Nearly a decade has passed since the Zika virus epidemic shook Brazil and alarmed the world. The virus, carried mainly by Aedes aegypti mosquitoes, left behind devastating consequences, particularly for pregnant women and their babies. Images of newborns affected by microcephaly—an abnormal smallness of the head caused by impaired brain development—became emblematic of the epidemic’s cruelty.
Though the outbreak eventually receded, Zika never truly disappeared. The virus remains a public health threat, especially in tropical regions where mosquitoes thrive. For years, researchers have been racing against time to develop a vaccine that can both protect against infection and prevent the severe consequences it brings.
Now, a team at the Institute of Tropical Medicine of the University of São Paulo’s Medical School (IMT-FM-USP) has made a breakthrough. Their newly developed vaccine has shown remarkable success in preclinical tests with mice, offering not just protection against the virus, but also shielding the animals from brain and testicular damage—two of the most concerning complications of Zika.
Building a Safer Vaccine
At the heart of this achievement is a technology known as “virus-like particles” (VLPs). Unlike traditional vaccines, which rely on weakened or inactivated versions of the virus, VLP-based vaccines are safer. They don’t contain the pathogen’s genetic material. Instead, they mimic the virus’s outer shell, tricking the immune system into mounting a defense without the risk of causing disease.
Dr. Gustavo Cabral de Miranda, one of the lead researchers, explains it this way: “We designed a formulation that can neutralize the pathogen and protect rodents from both brain inflammation and testicular damage. This approach makes the vaccine much safer and more economical to produce, without needing additional substances to enhance the immune response.”
The vaccine uses a well-established VLP platform called QβVLP. To this structure, the scientists attached a crucial part of the Zika virus envelope known as EDIII—an antigen that helps the virus connect to human cells. By presenting EDIII on the surface of the VLP, the vaccine essentially trains the immune system to recognize and block the virus before it can invade.
Protecting the Brain and Reproductive Health
The most remarkable part of the study is not just that the vaccine produced a strong immune response, but that it also protected the animals from organ damage caused by the virus. Zika’s effects on the brain are well known, especially in the context of fetal development. But in laboratory studies, the virus has also been shown to damage the testicles, potentially impairing fertility.
Tests on genetically modified mice—engineered to be more vulnerable to Zika—showed that the vaccine triggered both antibody production and T cell activity. These immune defenses were powerful enough to stop the virus from spreading and causing harm.
“The vaccine demonstrated the ability to protect male mice against testicular damage,” explains Nelson Côrtes, the study’s first author. “This is crucial because Zika is not only mosquito-borne, it can also be sexually transmitted. Protecting reproductive health is therefore an important aspect of prevention.”
The researchers examined multiple organs, including the brain, kidneys, liver, ovaries, and testicles, and found that the vaccinated mice were safeguarded from inflammation and cellular damage. This dual protection—against infection and its long-term consequences—marks a significant advance in vaccine development.
Solving the Dengue Puzzle
One of the greatest challenges in designing a Zika vaccine has been its close relationship with dengue. The two viruses are members of the same family, and their similarities confuse the immune system. Sometimes, antibodies created in response to one virus mistakenly recognize the other, but without being strong enough to neutralize it. This phenomenon, called “antibody-dependent enhancement,” can actually make a second infection worse.
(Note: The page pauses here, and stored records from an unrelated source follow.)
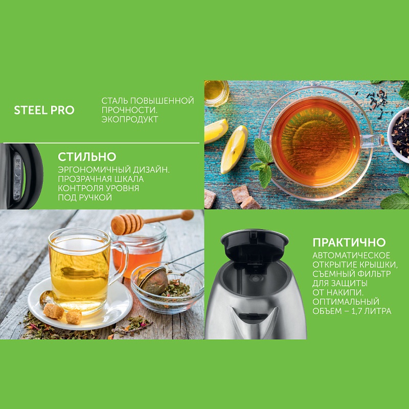 Электрический чайник объемом 1,7 л и мощностью макс 2200 Вт оснащён закрытым нагревательным элементом, автоматическим открытием крышки, и съемным фильтром для защиты от накипи. Корпус прибора выполнен целиком из высококачественной нержавеющей стали. Удобная мерная шкала под ручкой позволит контролировать уровень воды. Система многоуровневой безопасности SAFE WORK сделает эксплуатацию прибора проще и комфортнее – автоотключение при закипании, защита от включения без воды. Удобный отсек для хранения электрошнура.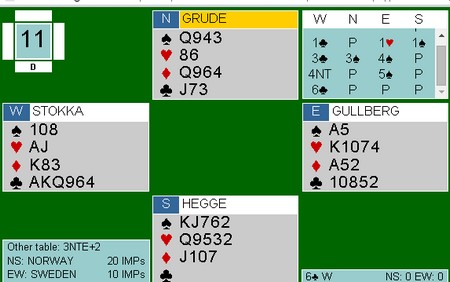 I sluttspillet mot de hardt og ikke minst velspillende Øst-Europerene gjorde vi ikke så mange feil, men de vi gjorde var veldig dyre. Vi burde enkelt ordnet uavgjort i Bulgaria matchen på vår side, og da hadde sikkert neste dag utviklet seg annerledes. Polen matchen var svak fra begge par, i tillegg hadde vi også utur da vår glimrende 7klø mot polen ble belønnet med -16imp.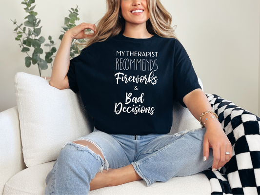 My Therapist Recommends Fireworks Bad Decisions Funny 4th of July Tee

This concern has haunted vaccine developers, raising fears that a Zika vaccine could inadvertently increase the risk of severe dengue.
But the IMT-FM-USP team found a solution. By using the EDIII antigen, they ensured that the antibodies produced are highly specific to Zika. “The vaccine doesn’t cause a cross-reaction,” says Dr. Miranda. “This is very positive because it means the immune response is focused and avoids the boomerang effect seen with dengue.”
What Comes Next
The results, published in npj Vaccines, are an exciting milestone—but they are still early. So far, the vaccine has only been tested in mice. Before it can be used in humans, it will need to go through further preclinical studies, followed by carefully designed clinical trials to confirm its safety and effectiveness in people.
Nevertheless, the findings offer hope. For regions like Brazil, where mosquito-borne diseases continue to place immense pressure on healthcare systems, a safe and effective Zika vaccine could be transformative. It could protect pregnant women from the devastating consequences of infection, reduce the risk of sexual transmission, and finally close one of the darkest chapters of recent public health crises.
A Future Free of Fear
The Zika epidemic revealed the vulnerabilities of a world unprepared for emerging diseases. It showed how a virus could spread rapidly, cross borders, and leave lasting scars on families and communities. For scientists, it was also a call to action—a reminder that prevention is always better than reaction.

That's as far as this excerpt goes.